Apurou-se que, em Porto Alegre, existiam 408 crianças e adolescentes aptos para adoção, dos quais 174 estavam inativos, ou seja, esquecidos, no "limbo", por anos, quando, em contrapartida, existiam pretendentes à adoção habilitados havia 10 anos, aguardando, também, a oportunidade de formar a sua família.
Para nossa surpresa, averiguando-se os motivos pelos quais os acolhidos encontravam-se indisponíveis para consulta, constatou-se que há um entendimento jurídico do Juizado da Infância e da Juventude de que é necessária uma prévia avaliação pelo órgão técnico correlato, o qual proferiu pareceres contraindicando a adoção, sob o argumento de que os acolhidos não estavam preparados psicologicamente para a colocação em família substituta ou estavam vinculados à sua família, não obstante a situação jurídica definida e o longo tempo de institucionalização, que evidenciava, de modo induvidoso, a inocorrência dessa reinserção familiar.
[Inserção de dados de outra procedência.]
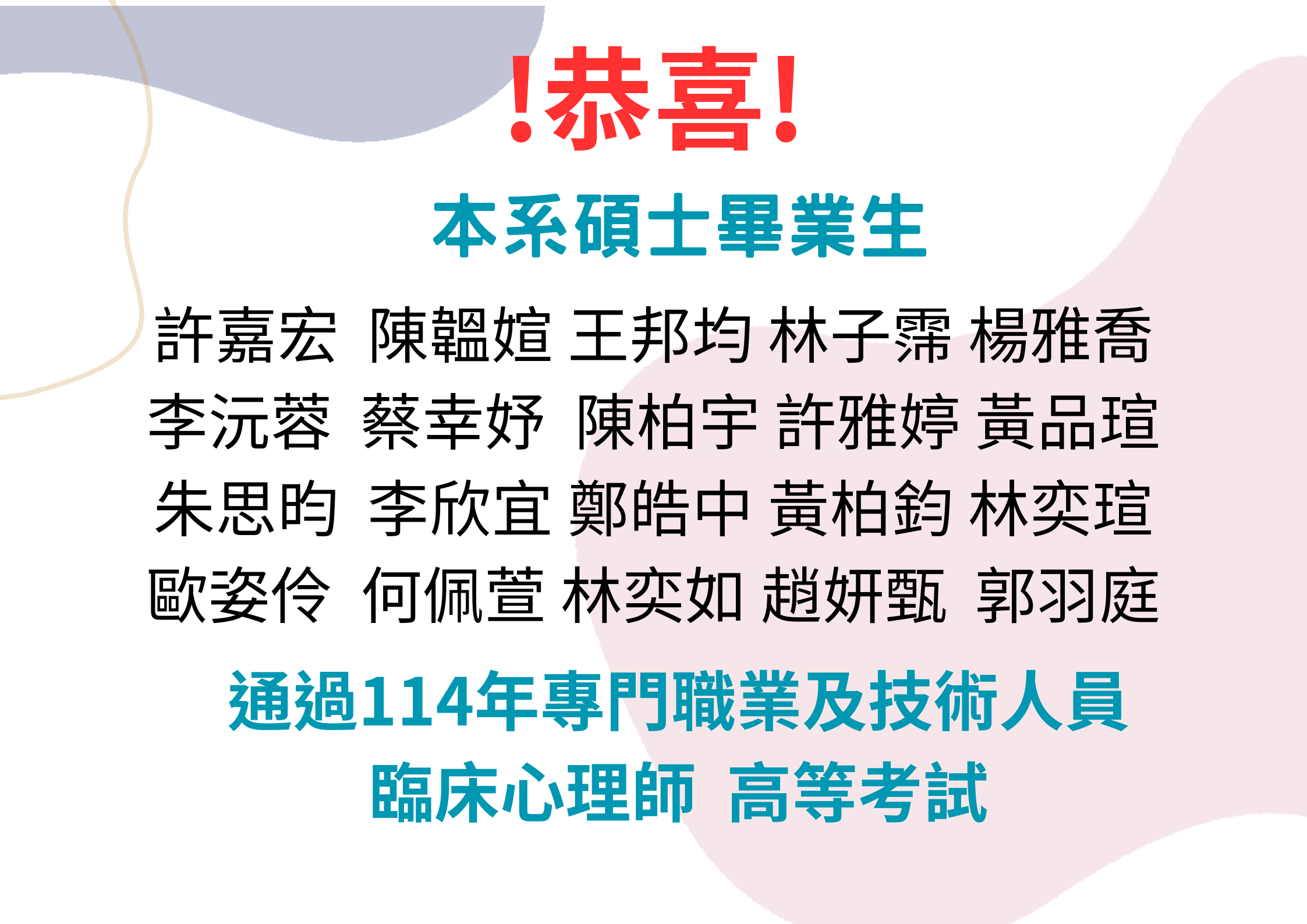 [榮譽榜]恭喜!本系114年臨床心理師考照率100%

Sob esse enfoque, após o manejo de agravos de instrumento por esta Promotoria de Justiça, a 8ª Câmara Cível do Tribunal de Justiça do Estado firmou o respeitável entendimento de que, em síntese, a inscrição de crianças e adolescentes no CNA exige critérios unicamente objetivos, que são a orfandade ou a destituição do poder familiar. Nessa perspectiva, descaberiam considerações de ordem subjetiva, as quais conduziriam à perda de uma, ou de várias chances, as quais jamais surgiriam se mantido inativado o cadastro no CNA, violando o direito fundamental à convivência familiar previsto na Constituição Federal e no ECA.
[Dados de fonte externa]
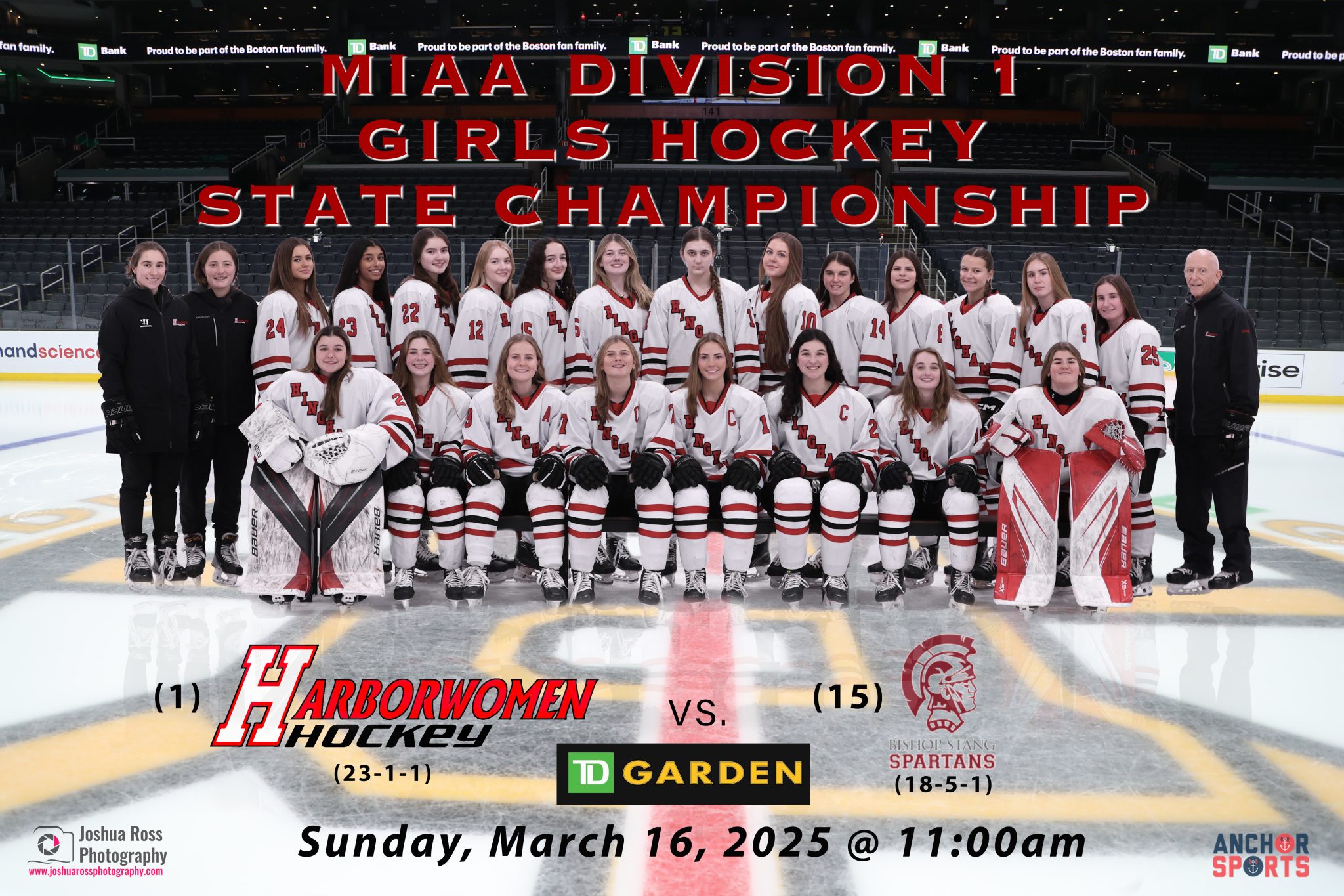 As you may have heard by now, the Hingham Harborwomen will be playing for a State Championship at the TD Garden vs Bishop Stang on Sunday, March 16th at 11:ooam.

Assim, os desembargadores gaúchos, sensíveis à questão, estão modificando a triste realidade das nossas crianças e adolescentes que estavam condenados a perder a sua infância e juventude confinados em uma instituição, sem qualquer perspectiva de uma convivência familiar efetiva, essencial ao resgate da sua autoestima e resiliência.